Thursday, June 29, 2006

Oh, if it’s going to be that kinda party….

Ok, so I need some help. Greeky has no problem farting around me, which is stinky but great. I am glad he is comfortable enough to float an air biscuit when needed. As most of you know, I am not a prissy gal. I totally think dookie & farts are funny. Now I have busted out burps around him & he doesn’t mind, in fact he rates them which is lovely for me because I really do enjoy burping, but I’ve never let a barking spider loose around him. The other night he thought it would be funny to give me the kiss of the starfish on my leg & treat me to a Dutch oven. Unfortunately at the time, my brown-eyed Oracle didn’t have to speak her funky tales, or else I would’ve treated him to one of my starfish specials. Now I still refrain from letting any drop, but I am thinking its open season in stanky land. What do you guys think? Is it now cool for me to let my booty roam free?

Tuesday, June 27, 2006

Ain't that a beyatch...

Well Greeky & I are still going strong & diggin' each other more & more & I leave in less than 2 1/2 months. Why does the universe hate me so? When I meet him, I'm gonna kick his a**.

Tuesday, June 20, 2006

The price of beauty & I think my pubes have been talking to my eyes...

Last night I was painting my nails. A beautiful deep plum color. My toes & fingers because I wanted to feel purdy. Well I was almost done painting them when I dropped my nail polish. I dropped it all over my light beige carpet. Now it looks like I slaughtered someone in my living room & I am freaking out on how to get the stain out because I am moving in a couple of months. Any cleaning hints?

I went to the optometrist on Friday for my check-up, to get new glasses & some contacts. My eyes have gotten worse. I now have astigmatism or as drummergirl says "your eyes have stigmata?!?!?" Stupid old eyes....

Wednesday, June 14, 2006

Oh wait.... You're wearing a fanny-pack...

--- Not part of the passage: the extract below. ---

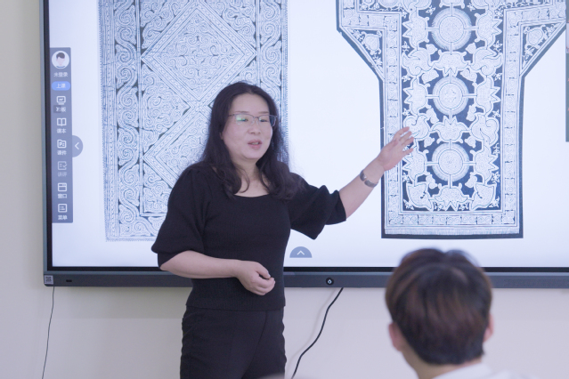 活动伊始,我校美术与设计学院刘俊微副教授以“贵州蜡染纹样”为题,向中印尼学子生动讲述了贵州传统纹样的文化内涵与工艺智慧。她从贵州蜡染的历史源流切入,解析了贵州不同民族和地区蜡染纹样的同异及经典图案中蕴含的自然崇拜、祖先记忆与族群信仰,让在场学生感受到贵州纹样的独特魅力。

Last week this total a-hole came into my work & started to yell at me. He was trying to be macho and intimidating. I was starting to get flustered because it was early in the morning & I hadn’t had any coffee & I wanted to punch this guy in the throat. I was about to get all ghetto on his arse when I noticed that the a** f*ck was wearing a fanny-pack over a polo shirt that was tucked into his sweatpants. I actually giggled at him while I was staring at his fanny-pack. He then stopped trying to dominate me in the conversation & backed the hell off. Tip for all fanny-pack fashionistas; don’t get butch when sporting a FP, it's pointless.

Thursday, June 08, 2006

Dude, are you sure we’re not related?

I am dating a guy who’s Greek. This is the first time I’ve ever dated a Greek man. I think it’s because I am related to pretty much all Greeks in Sacramento in one way or another so I think of Greek men as cousins. Well, while getting to know each other, I found out that his family is from Crete…. My family is from Crete…. Crete is a big island, right? Well it turns out that both our families are from the same Village. Then we noticed that we have the same feet. Now this sounds funny but I just read “Middlesex” which, for those of you that haven’t read it, is about an inbred Greek family so you can see why I would be a bit freaked. He thinks it’s funny…

Wednesday, June 07, 2006

I'm not ready yet...


The other day I was going potty & looked down & saw a white hair. I thought to myself "goddammit Billie". Billie has white fur & likes to lay on my clean laundry. So I went to pull it out of my venus fro & low and behold, it was connected to me. I got a grey pube. I'm only 30. It's not fair. I pulled the bastard out & called Kiki to cry to her.

Thursday, June 01, 2006

What are the teaches of Feta?

I think one of my goals, when I leave on my trip, is to become the Greek American version of “Peaches” while I am in Greece. I want to be called “Feta”…. “Rubbing on my olives like you wanted me, calling me… What are the teaches of Feta?!?!”